This vignette introduces the smap family of functions. These functions are useful when you want to apply custom igraph-based operations to glycan structure vectors.
This guide assumes you are comfortable with R programming and have some familiarity with graph concepts. If you are just getting started, read the “Getting Started with glyrepr” vignette first.
library(glyrepr)Before using smap, it helps to understand why these functions exist.
Working with glycan structures means working with graphs, and graph operations are computationally expensive. When you are analyzing thousands of glycans from a large-scale study, this becomes a real bottleneck.
glyrepr implements an optimization called unique structure storage. Instead of storing thousands of identical graphs, it stores only the unique ones and keeps track of which original positions they belong to.
Let’s see this in action:
# Our test data: some common glycan structures
iupacs <- c(
"Man(a1-3)[Man(a1-6)]Man(b1-4)GlcNAc(b1-4)GlcNAc(b1-", # N-glycan core
"Gal(b1-3)GalNAc(a1-", # O-glycan core 1
"Gal(b1-3)[GlcNAc(b1-6)]GalNAc(a1-", # O-glycan core 2
"Man(a1-3)[Man(a1-6)]Man(a1-3)[Man(a1-6)]Man(a1-", # Branched mannose
"GlcNAc6Ac(b1-4)Glc3Me(a1-" # With decorations
)
struc <- as_glycan_structure(iupacs)
# Now create a realistic dataset with lots of repetition.

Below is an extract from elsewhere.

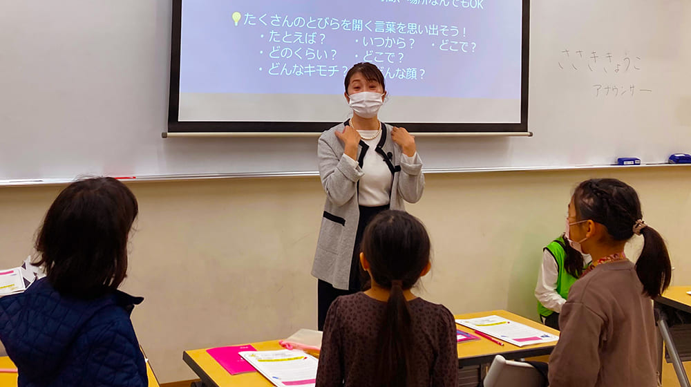 学校の授業を飛び出して、学年も1~4年生が混在、みんなが「初めまして!」の関係の中で、どんな『あなせん』になるか。「人の心のトビラ」を上手にノックするには?のコツを伝えてワークショップを実践してみたら…最初はモジモジしていた隣同士の「初めて」同士が、いつの間にかチーム一体になって発表の手が挙がること挙がること…

large_struc <- rep(struc, 1000) # 5,000 total structures
large_struc
#> <glycan_structure[5000]>
#> [1] Man(a1-3)[Man(a1-6)]Man(b1-4)GlcNAc(b1-4)GlcNAc(b1-
#> [2] Gal(b1-3)GalNAc(a1-
#> [3] Gal(b1-3)[GlcNAc(b1-6)]GalNAc(a1-
#> [4] Man(a1-3)[Man(a1-6)]Man(a1-3)[Man(a1-6)]Man(a1-
#> [5] GlcNAc6Ac(b1-4)Glc3Me(a1-
#> [6] Man(a1-3)[Man(a1-6)]Man(b1-4)GlcNAc(b1-4)GlcNAc(b1-
#> [7] Gal(b1-3)GalNAc(a1-
#> [8] Gal(b1-3)[GlcNAc(b1-6)]GalNAc(a1-
#> [9] Man(a1-3)[Man(a1-6)]Man(a1-3)[Man(a1-6)]Man(a1-
#> [10] GlcNAc6Ac(b1-4)Glc3Me(a1-
#> ... (4990 more not shown)
#> # Unique structures: 5Notice that the object reports only 5 unique structures. The vector has 5,000 elements, but only 5 unique graphs are stored internally.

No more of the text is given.